Nell’agosto del 1878, Gustave Flaubert, ormai vicino alla sessantina, inviò una lettera a Guy de Maupassant, a quel tempo non ancora trentenne, nella quale invitava il giovane scrittore, depresso dal suo impiego presso il Ministero della Pubblica Istruzione e incline alla malinconia, a reagire non già con la pratica del canottaggio o con la frequentazione di prostitute, bensì operando una radicale scelta esistenziale: dedicarsi quotidianamente e umilmente alla propria arte.
In fondo, era quanto aveva fatto lo stesso Flaubert, che aveva sacrificato tutto allo scrivere e alla ricerca della perfezione nello scrivere – come più tardi avrebbero fatto anche due grandissimi praghesi, Franz Kafka e Rainer Maria Rilke – , ritirandosi, come in un monastero, nella sua casa di campagna di Croisset, sulla Senna, dove era capace di lavorare anche per giornate intere su un’unica frase, convinto, al pari di Chateaubriand, che “il talento è una lunga pazienza”. Un estratto della lettera indirizzata da Flaubert a Maupassant, il suo discepolo prediletto, è ora possibile leggerla nell’agile antologia curata da Filippo d’Angelo, studioso di letteratura francese, che ha raccolto in un unico volume alcune riflessioni, intorno al senso e ai modi – strategie, abitudini, comportamenti – del mestiere di scrittore, fatte da Honoré de Balzac, Charles Baudelaire, Gustave Flaubert, Guy de Maupassant, Émile Zola, André Gide, Marcel Proust.

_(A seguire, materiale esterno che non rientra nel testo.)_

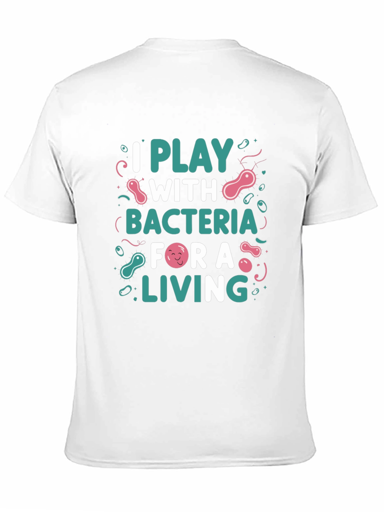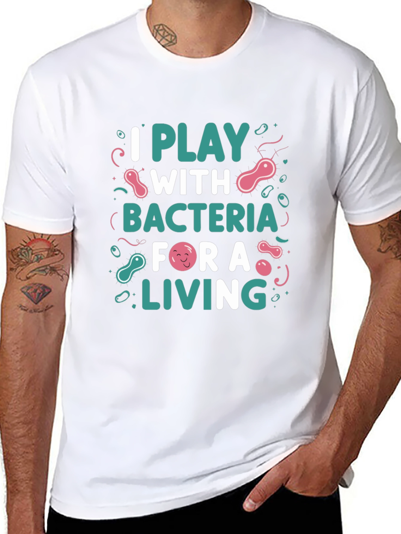 Show off your love for science with this unique "I Play with Bacteria For A Living" T-shirt. The design features playful bacteria graphics in teal and pink, adding a fun twist to the scientific theme. The shirt is made of a comfortable, dark fabric, perfect for casual wear. Ideal for microbiologists, scientists, or anyone with a passion for biology, this tee makes a great conversation starter and a stylish statement piece. Wear it to conferences, labs, or just around town to express your enthusiasm for the microscopic world. Grab yours today and let everyone know what you do for a living!

Testimoni di grandi rivolgimenti storici, come la rivoluzione borghese del 1830 o la Comune parigina o la prima guerra mondiale, partecipi di un’esistenza che per tutti loro, come per ciascuno di noi, fu “folle e significante” (Carl Gustav Jung), questi scrittori non dubitarono mai che l’importanza della vita consiste interamente nella possibilità di offrirne una rappresentazione letteraria. Il passo che segue è tratto da “Romanzo”, il saggio che Maupassant premise a una delle sue opere di maggiore originalità, “Pierre e Jean”, pubblicata nel 1888.
“In effetti, quanto bisogna essere folli, audaci, arroganti o stupidi per scrivere ancora al giorno d’oggi! Dopo tanti maestri di natura così varia, dal genio così diverso, cosa resta da fare che non sia stato fatto, cosa da dire che non sia stato detto? Chi tra noi può vantarsi di avere scritto una pagina che non si trovi già, pressoché uguale, da qualche parte? Quando leggiamo qualcosa, noi, talmente saturi di scrittura francese che il nostro corpo intero ci dà l’impressione di essere un impasto di parole, troviamo mai un rigo, un pensiero che non ci sia familiare, di cui non abbiamo avuto almeno il confuso presentimento? Chi cerca soltanto di divertire il pubblico con mezzi già noti, scrive fiduciosamente, nel candore della sua mediocrità, opere destinate alla folla ignorante e inetta. Ma quelli su cui gravano tutti i secoli della letteratura passata, che non sono soddisfatti di niente, che sono disgustati da tutto perché sognano di meglio, ai quali tutto sembra già usato, e a cui la loro opera dà sempre l’impressione di un lavoro inutile e comune, finiscono per giudicare l’arte letteraria come qualcosa d’inafferrabile, di misterioso, che solo qualche pagina dei più grandi maestri può a malapena svelarci. La lettura di venti versi o di venti frasi ci fa sobbalzare il cuore come una rivelazione stupefacente; ma i versi successivi assomigliano a qualsiasi altro verso, la prosa che viene dopo a qualsiasi altra prosa”.
Filippo D’Angelo (a cura di), “Troppe puttane! Troppo canottaggio!”, minimum fax, Roma, 2014.